**GOAL OF THE EXERCISE**
For any picture in the lines below, please leave it out and copy the rest exactly.

**DATASET EXTRACT**
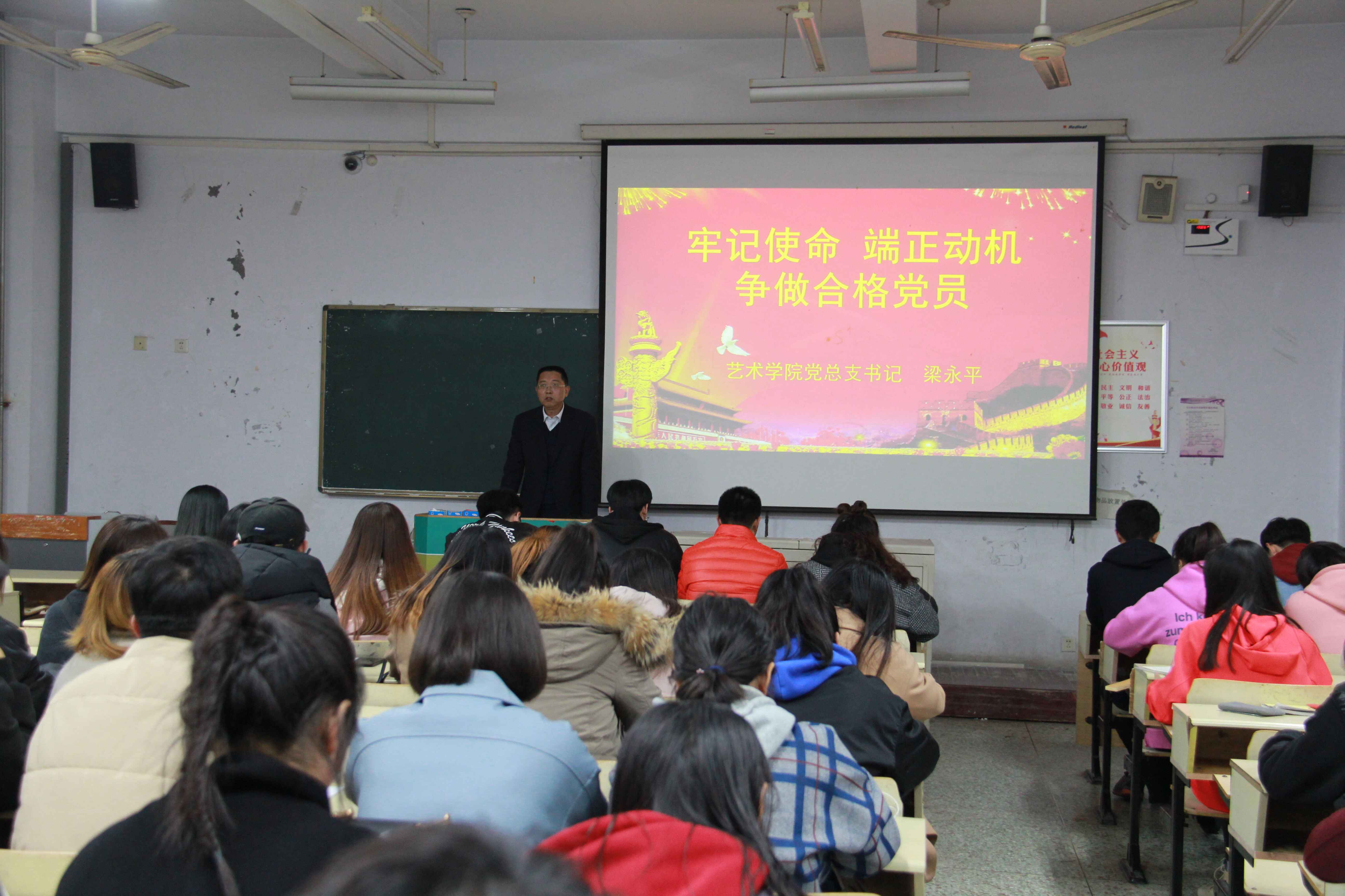 11月14日,艺术学院党总支书记梁永平在教学区为学院入党积极分子、发展对象和学生党员讲主题为“牢记使命 端正动机 争做合格党员”的专题党课。学院全体入党积极分子、发展对象和学生党员参加。
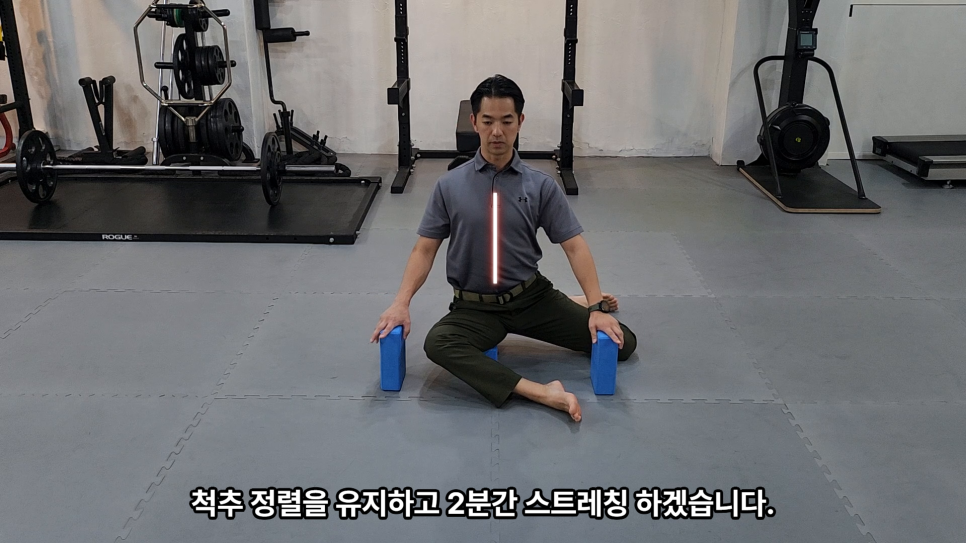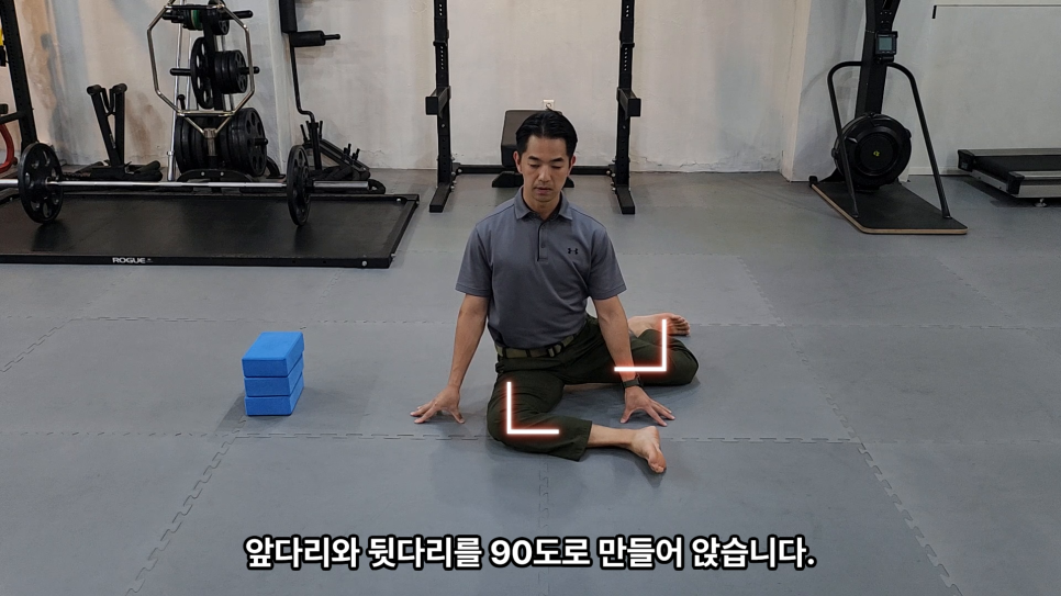 90/90 자세로 앉습니다. 이 때 고관절에 불편함을 느낀다면 블럭 등을 깔고 앉습니다.
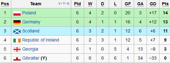 Từ phút 57 đến 81, ĐT Đức có 4 lần làm tung lưới của Gibraltar, trong đó Andre Schuerrle ghi thêm 2 bàn để hoàn tất cú hat-trick. Giành chiến thắng cách biệt 7 bàn, nhưng ĐT Đức chỉ xếp thứ hai bảng D khi kém đội dẫn đầu Ba Lan một điểm sau 6 trận.

**RESPONSE TO THE EXERCISE**
 11月14日,艺术学院党总支书记梁永平在教学区为学院入党积极分子、发展对象和学生党员讲主题为“牢记使命 端正动机 争做合格党员”的专题党课。学院全体入党积极分子、发展对象和学生党员参加。
 90/90 자세로 앉습니다. 이 때 고관절에 불편함을 느낀다면 블럭 등을 깔고 앉습니다.
 Từ phút 57 đến 81, ĐT Đức có 4 lần làm tung lưới của Gibraltar, trong đó Andre Schuerrle ghi thêm 2 bàn để hoàn tất cú hat-trick. Giành chiến thắng cách biệt 7 bàn, nhưng ĐT Đức chỉ xếp thứ hai bảng D khi kém đội dẫn đầu Ba Lan một điểm sau 6 trận.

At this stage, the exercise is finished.